Добавить в цитаты Настройки чтения

Страница 16 из 193

Она и не узнала его, и только от этого так легко, так спокойно было на душе…

Гладь кривого зеркала колыхнулась, коротко усмехнулась хрустом сухой ветки, любуясь встречей отражения - с отражающимся. Они и правда смотрелись зеркально - Никольский с Алексеем на руках и мрачный, тяжело дышащий Юровский, ноша которого была потяжелее, потому как годами старше и телом крепче. Никольский окинул взглядом спящего мальчишку - не так чтоб фотографически похож, но вполне сойдёт.

- А чего сам?

- Да ну его, кому другому - он тяжёлый, во-первых, как сволочь, во-вторых - это пока спит, а ну как проснётся? Они на него, оказалось, весь оставленный морфий извели, не хватило, а где я сейчас возьму, делать мне тем более будто больше нехрен? Сброшу - и мне к этим обратно… Надеюсь, Боткин там не уснул, а то мне этого только не хватало…

С другой стороны дома оглушительно грохотнуло что-то железное.

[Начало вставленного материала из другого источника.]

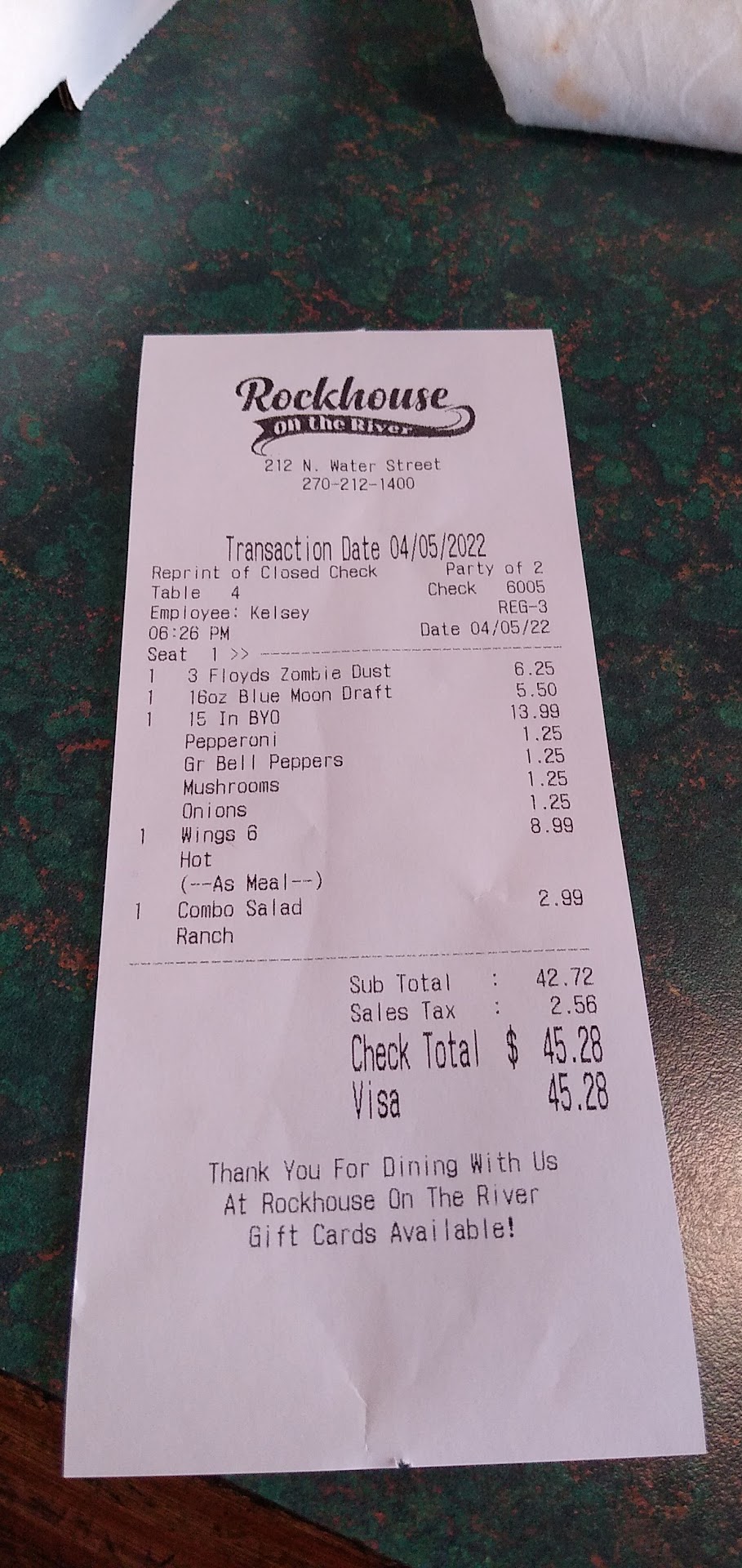 Read moreI'm shocked this place has a 4.6 rating! My experience goes from bad to worse. The pepper shaker on the table had some kind of funk on it (not clean). My wife ask for a glass for her beer, the chilled glass revealed finger prints inside AND lip prints around the rim! (I wonder what mine looked like before the beer was poured in). Then the food comes out. The bone in chicken wings were VERY fatty. I picked them apart and got enough meat from 6pcs to fill a shot glass. I gave the plate of fat and bones to the server and told her to tell management that was pathetic. As for the pizza, (since the wings provided nothing for hunger) I ate a piece. I've had better pizza from kroger (I'm serious). By the time we finished a slice of pizza and our beers, no one from management came out to see us. We had been to the Rockhouse a few times before at their old location. My wife liked it but I always found it mediocre. Be assured, this is the last time they will ever...

- Ну, пора. Ни пуха. Береги там себя…

- Аналогично, Янкель.

Тут уж без помощи Антонова не обошлось - сперва он принял с рук коменданта спящего подростка, потом помог влезть и самому, затворил наконец окно. И словно отпустил кто-то пружину таинственного механизма, пришли в движение таинственные силы, скрытые под покровом ночи - пожилой доктор принял с рук на руки лже-царевича, втащил через окно ватерклозета Антонов сумасшедшую Веру, повёл наверх, с повелением сесть в комнате и ждать, пока придут к ней сёстры, повёл туда же другой лестницей Марконин Аньку Ярошину, ждут своей очереди, чтобы выступить в свой час и миг, Елена Берг и Аглая Гущина - каждая считая себя примой, считая единственной, не представляя и малой доли адского труда незримого для них режиссёра…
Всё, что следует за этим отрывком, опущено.